After notching triple-digit earnings increases during the height of pandemic online buying, Shopify's bottom-line growth stalled in the past four quarters. Revenue also slowed in the past five quarters.

MarketBeat earnings data show that Shopify missed both top- and bottom-line views in its most recent quarterly report. It lost $0.03 per share on revenue of $1.295 billion.

The company plans to build out its fulfillment network to offset weaker demand for online buying as consumers return to physical stores.

Vertical Integration Of Logistics

In the earnings call, CEO Tobias Lutke emphasized the company's plans to vertically integrate logistics activities, part of a business offering to help online sellers smooth the buying, selling, shipping and delivery processes.

Shopify, of course, due to the nature of its business, is betting that e-commerce spending will overtake physical retail in the long run. While that may eventually be the case, the company may struggle to find its footing while it navigates through the post-pandemic, high-inflation "new normal."

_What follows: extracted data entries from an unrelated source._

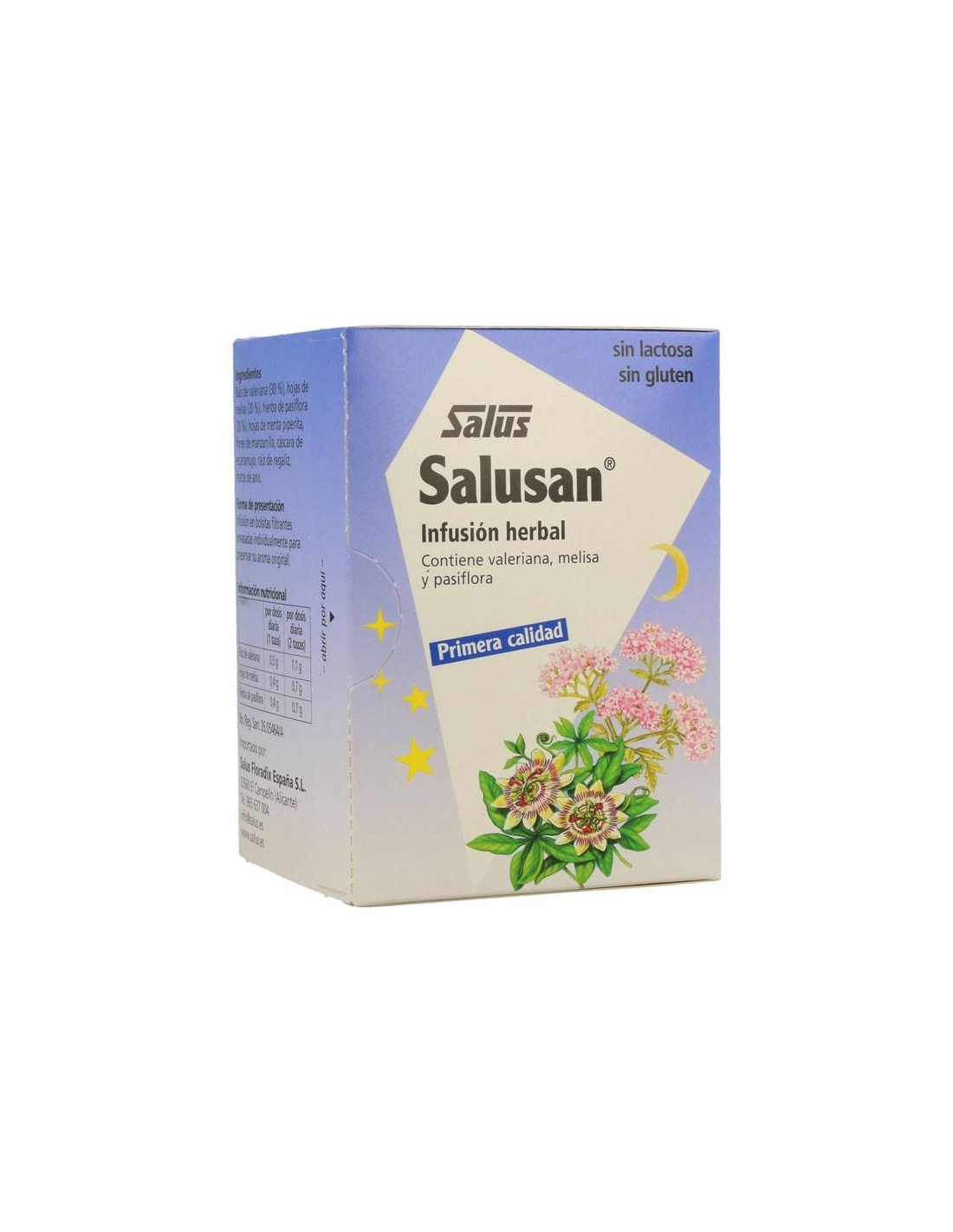 La infusión Salusan está elaborada a base de valeriana, melisa y pasiflora que contribuyen a la relajación y ayudan a mantener un sueño natural. Además contiene menta, manzanilla, regaliz, anís y escaramujo.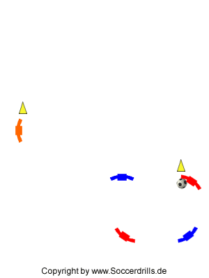 - "Orange" stoppt den Ball und passt auf den wartentenden "Rot" zurück.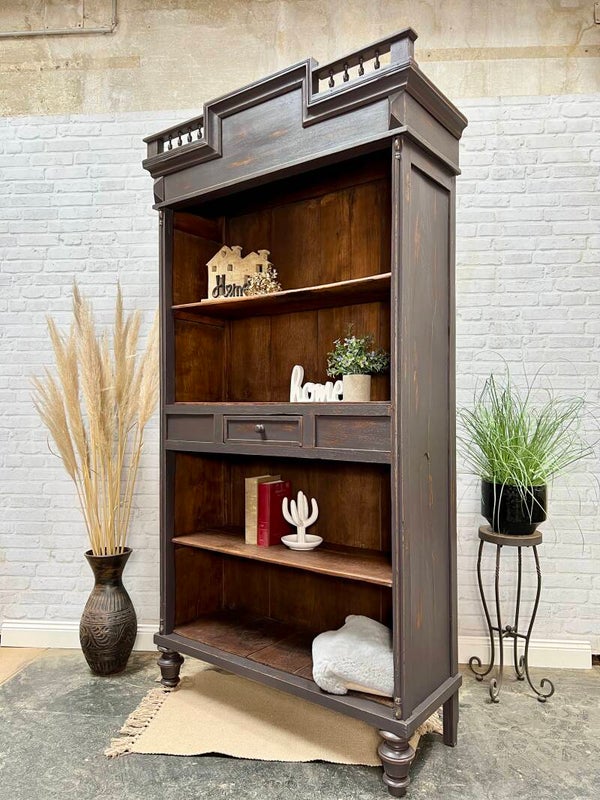 Dieses Bücherregal aus Vollholz ist in einem Anthrazit Ton lackiert.

Many analysts believe Shopify will eventually return to strong growth, but in the short term, the picture is not so rosy. The company laid off 10% of its workforce, an acknowledgment that consumer e-commerce spending was not rising as fast as it had expected.

For the full year, analysts see Shopify losing $0.07 per share. Next year the company is expected to show earnings of $0.03 per share.

Even when a company exhibits strong future potential, it may underperform the broader market for an extended period of time before rebounding. It's true that a stock can rally even when analysts forecast losses. However, it's wise to consider whether a stock is worth risking the opportunity cost when others are showing better earnings potential, as well as better technical strength.